As a deliverable for this grant, we have to create EAC-CPF records for each organization in the collection. The first step in that process is figuring out what organizations are in the collection.
When the materials were shipped to us they were completely unorganized. As part of the process of organizing the materials into new folders and archival, we also created an inventory in Excel of each organization that came out of that shipping box (see image above).
We ended up with (after years of work) inventories of nearly 800 boxes that when combined represented about 180,000 lines in an Excel spread sheet. As you can imagine, many of the organizations are repeated throughout the collection.

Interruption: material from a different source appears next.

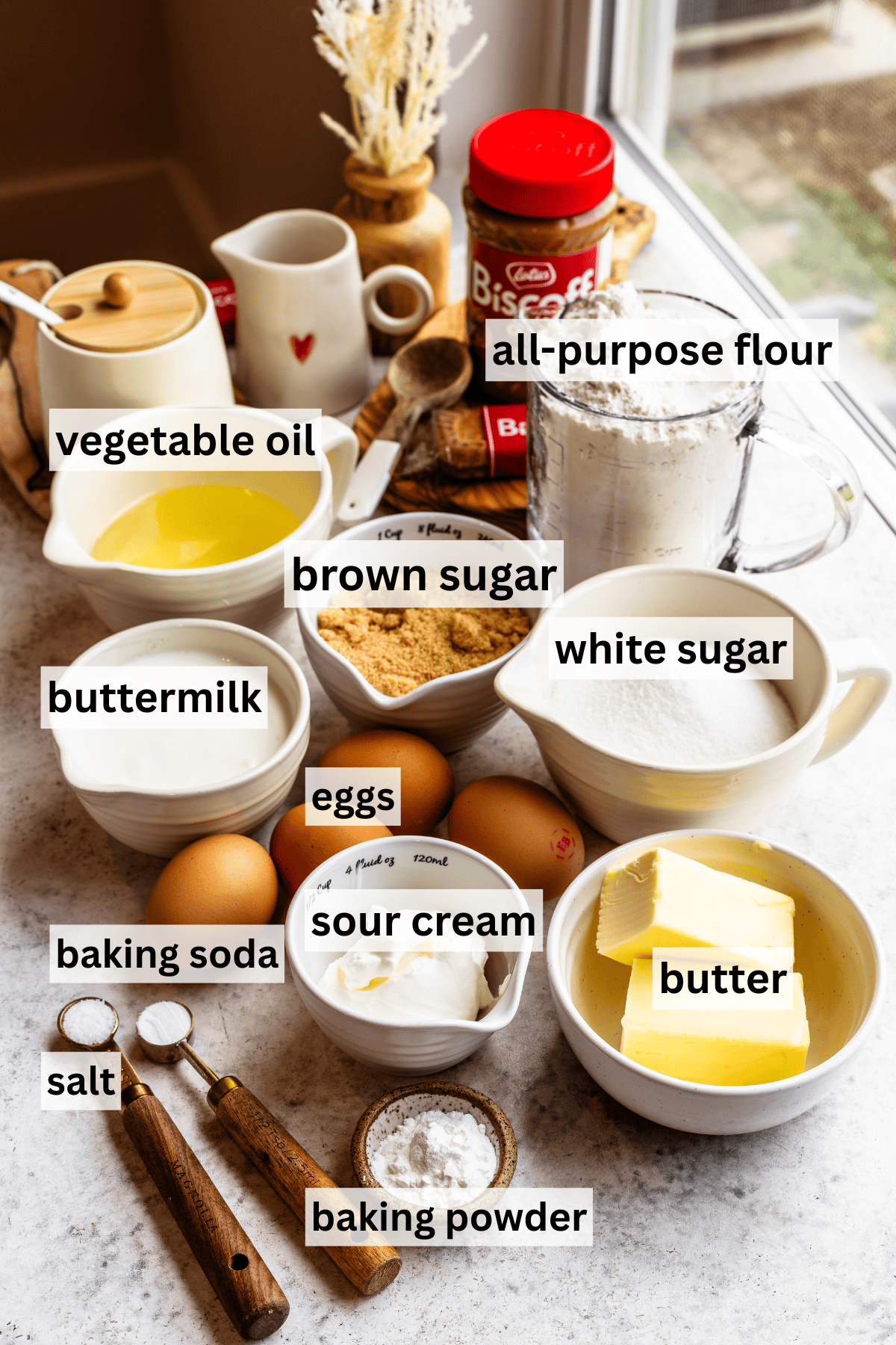 Biscoff cookie butter: I use it in the batter, filling, and frosting so the flavor actually comes through clearly. This is the key for any biscoff dessert. I use for recipes like my Biscoff Cheesecake and Biscoff Blondies.

We combined the organization name column from all of the inventories (Column D above) into a new spread sheet. Excel can only handle about 65,000 lines and due to the size of our data we had to start with 3 spread sheets. After we pulled all of the organizations out of the original spread sheets, we alphabetized the new spread sheet. By doing this we were able to see which organizations were duplicated throughout the collection.
Next, we had to weed out the duplicates. Rather than going through each line in Excel and deleting the duplicates, we used a few tricks. The first step was using the function in Excel “delete all duplicates.” With this function alone we were able to cut the number from 180,000 down to about 75,000. However, this only deleted the lines that were exactly the same.
When looking through the data, we saw that many duplicates still existed due to misspellings and any additional information added to the name of the organization. Excel could not recognize them as the same organization and therefore could not automatically delete them.
In the example above you can see that all of these lines are from the same organization but the data in parenthesis makes them unique. To clean this up, we used the Excel function “Text to Column” and we were able to separate the text out by deliminating the text by a “(“ symbol. In Other words, Excel was able to take everything that occurred after a ( symbol and separate it out. Once the data inside the () was taken out we were able to run the “Delete All Duplicates” function once again and this cut our list from 75,000 down to about 50,000.
However, there was still a lot of weeding to be done. In the example above you can see how many different spellings and formats the Minute Women of the USA had over the years of inventorying the collection.
There was no common factor that we could use to separate out these organizations. We chose to use Google Refine to help clean up the lists. Google Refine is a tool that can be used in various different ways to help clean up data. As you can see in the screen shot below after uploading the spread sheet into Google Refine, it was able to point out different lines of data that are similar.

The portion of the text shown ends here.